Figure 2 shows a cross section of an alternative embodiment of such a concrete component. For the heat input to be carried out after curing, the end regions of the SMA steel profiles are packed with inserts 5, which extend to the surface of the concrete part 1. These inserts 5 may be, for example, pieces of wood which are inserted over the end regions of the SMA round steel bars 2, or styrofoam pieces or the like. After hardening of the concrete, these inserts 5 can be removed and then the access to the end regions of the SMA steel profiles 2 is exposed. They can then be heated by applying the electrical cables of the energy unit to these end areas via large-area terminals. Optionally, the immediate heat input can be dispensed with. Then, such a concrete part 1 is preconditioned to a certain extent. If the effect of heat is later caused by the fire heat in a fire, the SMA profiles 2 generate a Contraction force and thus a tensile stress and thus generate a bias of the concrete, which leads to a significant improvement in the fire resistance of the building. In the event of fire, this will be clasped all around and will collapse much later, if at all.

In the figures 3 to 9, another application is shown, namely the creation of a reinforcing layer on a building. FIG. 3 shows a cross-section of a building wall 6, which in turn is traditionally reinforced with a conventional reinforcement 7, 8. The outside 9 of the building wall 6 is executed rough here or subsequently roughened. This can be done for example by means of a wet sandblasting. A better variant is the hydromechanical treatment with the high-pressure water jet. Different systems with different amounts of water and water pressures of at least 500bar to 3000bar are used in practice. With such systems, the desired roughness of the concrete surface of at least 3mm is ensured. In the application of the hydromechanics is additionally ensured that the ground support concrete is capillary water saturated. This is a condition for good adhesion between the existing concrete and the cement-based mortar layer to be applied.

Figure 4 shows how then the SMA profiles 2 are attached in the form of round steel with a corresponding alloy on the rough surface 9. They can be fastened with dowels 10 in the concrete wall. If necessary, the dowels 10 can also reach behind the first reinforcement 7, 8. The two end portions of the individual SMA profiles 2 are each connected to electric cables 3. Although only a single SMA profile 2 is visible here, which extends vertically, it is understood that horizontally extending, indeed running in any direction SMA profiles 2 can be installed, as well as the reinforcement in the concrete wall 6 here horizontally extending reinforcing bars 8, which intersect with the vertically extending reinforcing bars 7.

Next, the SMA profiles, as shown in Figure 5, completely wrapped by applying shotcrete or cement mortar, through Spraying, pouring or topping. The cement mortar can also be applied by hand.

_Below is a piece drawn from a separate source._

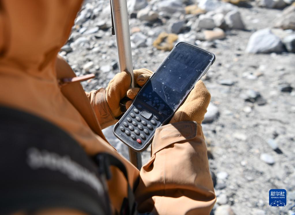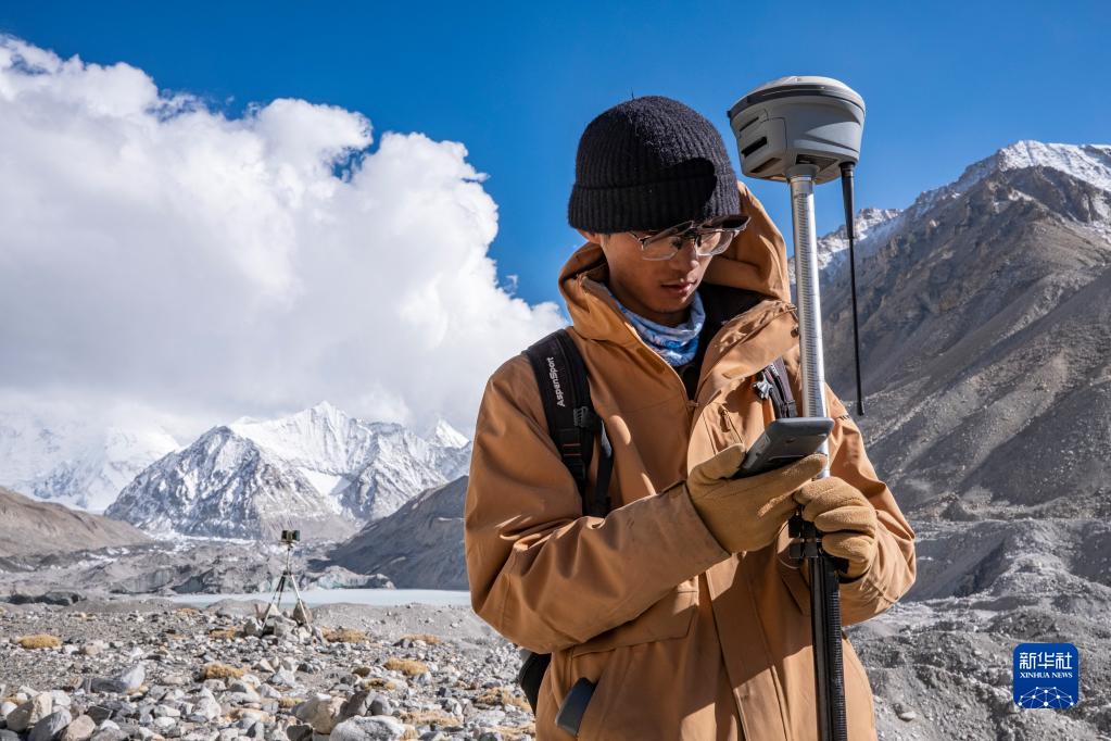 在珠峰海拔約5300米處,來自中國科學(xué)院西北生態(tài)環(huán)境資源研究院的科考隊員薛雨昂在對冰川進行實時差分GPS定位(5月15日攝)。新華社記者 晉美多吉 攝

As Figure 6 shows, here at one point on the SMA profile 2, a recess 1 1 can be seen, in which an insert 5 was used. After this has been removed after curing of the concrete or mortar, the SMA profile 2 is exposed there. The heat input then takes place via a there to be connected by means of a terminal heating cable in conjunction with another heating cable, which is connected to a similar recess point via a terminal to the SMA profile. Here, the SMA profile 2 is placed on the two marked heating cable 3 under an electrical voltage, so that a resistance heating is formed. The heating leads to a contraction force of the SMA profiles 2, which thus generate a tensile stress and thus a bias of the entire grouting or reinforcing layer 16, and their bias is transmitted via the teeth with the rough surface 9 of the concrete wall 6 on the same. Overall, a significant reinforcement of the structure is achieved.

Figure 7 shows a cross section of this building wall after generating the contraction force and tensile stress of the SMA profiles 2 within the grouting or reinforcing layer 16. The recess 1 1, which was used for the heat input be, is now with cement mortar filled. In the case of heating cables 3, these are cut flush with the surface.

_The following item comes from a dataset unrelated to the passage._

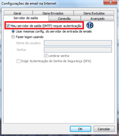 Na aba Servidor de saída, marque a opção Meu servidor de saída (SMTP) requer autenticação (16), a opção abaixo Usar mesmas configurações do servidor de entrada de emails, será marcada automaticamente, após os procedimentos, clique na aba Avançado.
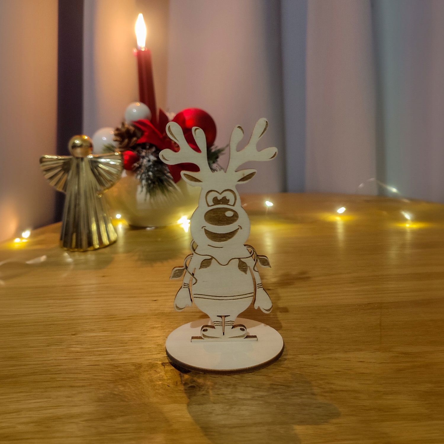 дерев'яні оленя на основі - це чарівна прикраса, яка додає до Різдва магію та тепло.

Figure 8 shows a cross section of a steel-reinforced building wall 6, which is reinforced on a vertical outside with a sprayed layer, which in turn is biased by means of SMA profiles 2. For this purpose, a grid of SMA profiles 2 is attached to the roughened surface of the concrete 6, for example by means of suitable dowels 10. Afterwards, this grid is as shown by means of shotcrete from a spray gun 21 sheathed and covered. After curing of this shotcrete, the SMA profiles 2 of the grid are contracted by heat input, so that the whole shotcrete layer is biased as a reinforcing layer 21. The generated preload is over the teeth with the roughened surface of the structure 6 transferred to the same and thus significantly increases its stability and fire resistance.

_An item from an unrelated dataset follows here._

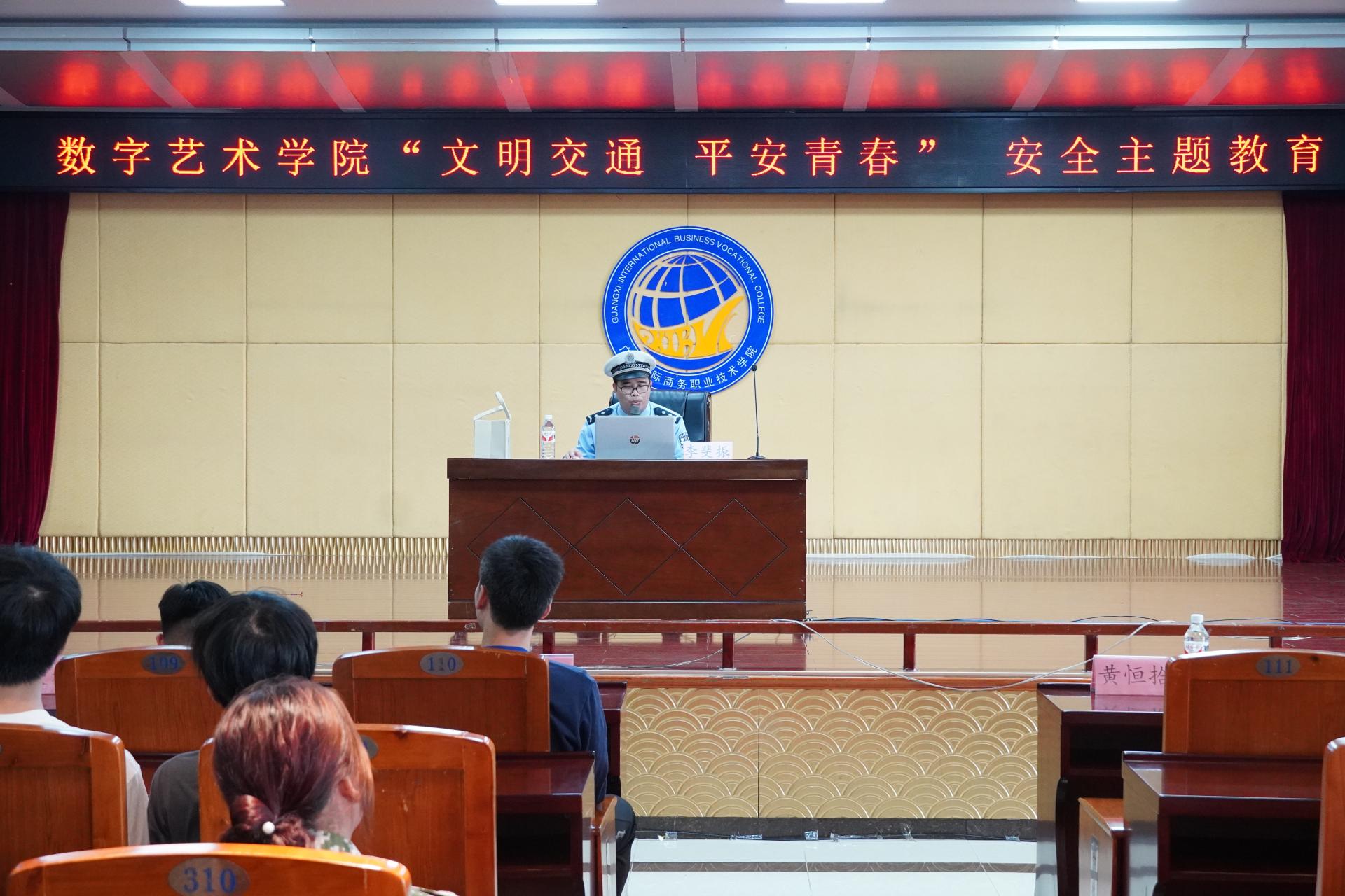 数字艺术学院党总支书记黄恒拾、南宁市交警支队八队队长李斐振、智能与信息工程团总支书记韦名富、数字艺术学院团总支书记谭丽君出席了本次讲座。数字艺术学院、智能与信息工程学院、国际贸易学院、文化与旅游学院辅导员代表与学生代表共300余名师生参加了本次活动。

FIG. 9 shows an application on a horizontal concrete slab. Here, after placing the SMA profiles 2 on the roughened surface of the concrete slab, these SMA profiles 2 can be cast with a manually applied liquid mortar. In the case of a cementitious Giessmörtels this still has to be compacted or vibrated with the trowel. As an alternative, a self-compacting and self-leveling cementitious mortar may be used. Thereafter, the cast-in SMA profiles 2 are heated by heat input and produce a nationwide bias of the mortar layer, which transfers to the concrete slab.

Figure 10 shows a section of a concrete slab 12, namely a corner thereof seen in a perspective view from below, which is provided on its underside with a pegged and prestressed reinforcing layer 19 containing SMA profiles. The reinforcing layer 19, which contains SMA profiles as described, is non-positively connected to the concrete slab 12 by means of a plurality of dowels 13. Only after such a successful dowelling and frictional connection between the concrete slab 12 and the hardened mortar or concrete layer, which is to act as a reinforcing layer 19, and softer the SMA profiles are, the SMA profiles by heat input to generate a contraction force and thus brought to a tensile stress, so that the reinforcing layer 19 is biased, and transmits this bias on the dowelling and connection to the concrete slab 12.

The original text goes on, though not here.